- _Your assignment_: Every line of the data is to be output verbatim.

- _Given material_:
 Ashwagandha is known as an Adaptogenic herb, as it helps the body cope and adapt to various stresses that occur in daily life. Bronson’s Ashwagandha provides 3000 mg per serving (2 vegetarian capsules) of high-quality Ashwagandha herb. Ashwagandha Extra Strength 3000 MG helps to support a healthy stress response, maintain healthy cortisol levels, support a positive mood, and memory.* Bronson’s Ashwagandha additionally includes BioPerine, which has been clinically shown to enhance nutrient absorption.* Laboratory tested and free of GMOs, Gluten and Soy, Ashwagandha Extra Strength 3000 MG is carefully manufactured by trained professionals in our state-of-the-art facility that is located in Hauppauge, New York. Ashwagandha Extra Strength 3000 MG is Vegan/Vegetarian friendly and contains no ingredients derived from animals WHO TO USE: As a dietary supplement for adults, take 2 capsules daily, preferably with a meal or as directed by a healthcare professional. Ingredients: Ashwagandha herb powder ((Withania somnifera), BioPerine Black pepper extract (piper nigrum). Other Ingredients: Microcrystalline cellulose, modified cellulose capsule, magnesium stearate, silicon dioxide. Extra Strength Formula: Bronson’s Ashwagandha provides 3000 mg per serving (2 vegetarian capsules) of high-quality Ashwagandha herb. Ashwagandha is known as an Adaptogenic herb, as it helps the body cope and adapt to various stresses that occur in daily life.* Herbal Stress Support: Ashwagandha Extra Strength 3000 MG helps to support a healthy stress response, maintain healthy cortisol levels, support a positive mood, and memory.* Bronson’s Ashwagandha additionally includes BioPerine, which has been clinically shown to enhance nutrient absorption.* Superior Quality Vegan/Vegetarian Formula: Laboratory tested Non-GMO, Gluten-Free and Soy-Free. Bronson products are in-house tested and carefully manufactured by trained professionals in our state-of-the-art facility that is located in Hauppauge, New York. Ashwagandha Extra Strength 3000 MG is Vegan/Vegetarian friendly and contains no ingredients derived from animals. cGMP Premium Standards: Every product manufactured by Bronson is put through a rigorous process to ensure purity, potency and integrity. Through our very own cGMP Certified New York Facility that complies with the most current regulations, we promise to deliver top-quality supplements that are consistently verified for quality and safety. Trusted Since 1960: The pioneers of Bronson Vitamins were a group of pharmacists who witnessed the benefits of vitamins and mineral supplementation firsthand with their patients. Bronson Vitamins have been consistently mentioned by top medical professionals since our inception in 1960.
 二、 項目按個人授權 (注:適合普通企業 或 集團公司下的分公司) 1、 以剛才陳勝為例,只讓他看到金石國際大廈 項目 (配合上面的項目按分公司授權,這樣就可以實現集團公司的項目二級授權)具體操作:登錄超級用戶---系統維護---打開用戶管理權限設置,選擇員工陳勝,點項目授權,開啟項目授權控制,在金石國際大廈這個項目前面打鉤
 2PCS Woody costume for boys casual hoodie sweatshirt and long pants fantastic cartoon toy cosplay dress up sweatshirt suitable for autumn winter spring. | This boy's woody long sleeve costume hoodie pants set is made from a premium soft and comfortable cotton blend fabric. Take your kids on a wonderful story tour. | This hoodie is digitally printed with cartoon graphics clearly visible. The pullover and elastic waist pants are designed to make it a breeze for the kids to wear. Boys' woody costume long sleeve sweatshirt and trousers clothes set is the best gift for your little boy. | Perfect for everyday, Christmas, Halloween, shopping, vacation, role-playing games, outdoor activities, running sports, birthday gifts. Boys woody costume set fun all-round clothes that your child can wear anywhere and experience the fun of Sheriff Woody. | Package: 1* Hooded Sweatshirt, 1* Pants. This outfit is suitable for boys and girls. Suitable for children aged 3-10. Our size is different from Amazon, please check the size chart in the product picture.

- _Your solution_:
 Ashwagandha is known as an Adaptogenic herb, as it helps the body cope and adapt to various stresses that occur in daily life. Bronson’s Ashwagandha provides 3000 mg per serving (2 vegetarian capsules) of high-quality Ashwagandha herb. Ashwagandha Extra Strength 3000 MG helps to support a healthy stress response, maintain healthy cortisol levels, support a positive mood, and memory.* Bronson’s Ashwagandha additionally includes BioPerine, which has been clinically shown to enhance nutrient absorption.* Laboratory tested and free of GMOs, Gluten and Soy, Ashwagandha Extra Strength 3000 MG is carefully manufactured by trained professionals in our state-of-the-art facility that is located in Hauppauge, New York. Ashwagandha Extra Strength 3000 MG is Vegan/Vegetarian friendly and contains no ingredients derived from animals WHO TO USE: As a dietary supplement for adults, take 2 capsules daily, preferably with a meal or as directed by a healthcare professional. Ingredients: Ashwagandha herb powder ((Withania somnifera), BioPerine Black pepper extract (piper nigrum). Other Ingredients: Microcrystalline cellulose, modified cellulose capsule, magnesium stearate, silicon dioxide. Extra Strength Formula: Bronson’s Ashwagandha provides 3000 mg per serving (2 vegetarian capsules) of high-quality Ashwagandha herb. Ashwagandha is known as an Adaptogenic herb, as it helps the body cope and adapt to various stresses that occur in daily life.* Herbal Stress Support: Ashwagandha Extra Strength 3000 MG helps to support a healthy stress response, maintain healthy cortisol levels, support a positive mood, and memory.* Bronson’s Ashwagandha additionally includes BioPerine, which has been clinically shown to enhance nutrient absorption.* Superior Quality Vegan/Vegetarian Formula: Laboratory tested Non-GMO, Gluten-Free and Soy-Free. Bronson products are in-house tested and carefully manufactured by trained professionals in our state-of-the-art facility that is located in Hauppauge, New York. Ashwagandha Extra Strength 3000 MG is Vegan/Vegetarian friendly and contains no ingredients derived from animals. cGMP Premium Standards: Every product manufactured by Bronson is put through a rigorous process to ensure purity, potency and integrity. Through our very own cGMP Certified New York Facility that complies with the most current regulations, we promise to deliver top-quality supplements that are consistently verified for quality and safety. Trusted Since 1960: The pioneers of Bronson Vitamins were a group of pharmacists who witnessed the benefits of vitamins and mineral supplementation firsthand with their patients. Bronson Vitamins have been consistently mentioned by top medical professionals since our inception in 1960.
 二、 項目按個人授權 (注:適合普通企業 或 集團公司下的分公司) 1、 以剛才陳勝為例,只讓他看到金石國際大廈 項目 (配合上面的項目按分公司授權,這樣就可以實現集團公司的項目二級授權)具體操作:登錄超級用戶---系統維護---打開用戶管理權限設置,選擇員工陳勝,點項目授權,開啟項目授權控制,在金石國際大廈這個項目前面打鉤
 2PCS Woody costume for boys casual hoodie sweatshirt and long pants fantastic cartoon toy cosplay dress up sweatshirt suitable for autumn winter spring. | This boy's woody long sleeve costume hoodie pants set is made from a premium soft and comfortable cotton blend fabric. Take your kids on a wonderful story tour. | This hoodie is digitally printed with cartoon graphics clearly visible. The pullover and elastic waist pants are designed to make it a breeze for the kids to wear. Boys' woody costume long sleeve sweatshirt and trousers clothes set is the best gift for your little boy. | Perfect for everyday, Christmas, Halloween, shopping, vacation, role-playing games, outdoor activities, running sports, birthday gifts. Boys woody costume set fun all-round clothes that your child can wear anywhere and experience the fun of Sheriff Woody. | Package: 1* Hooded Sweatshirt, 1* Pants. This outfit is suitable for boys and girls. Suitable for children aged 3-10. Our size is different from Amazon, please check the size chart in the product picture.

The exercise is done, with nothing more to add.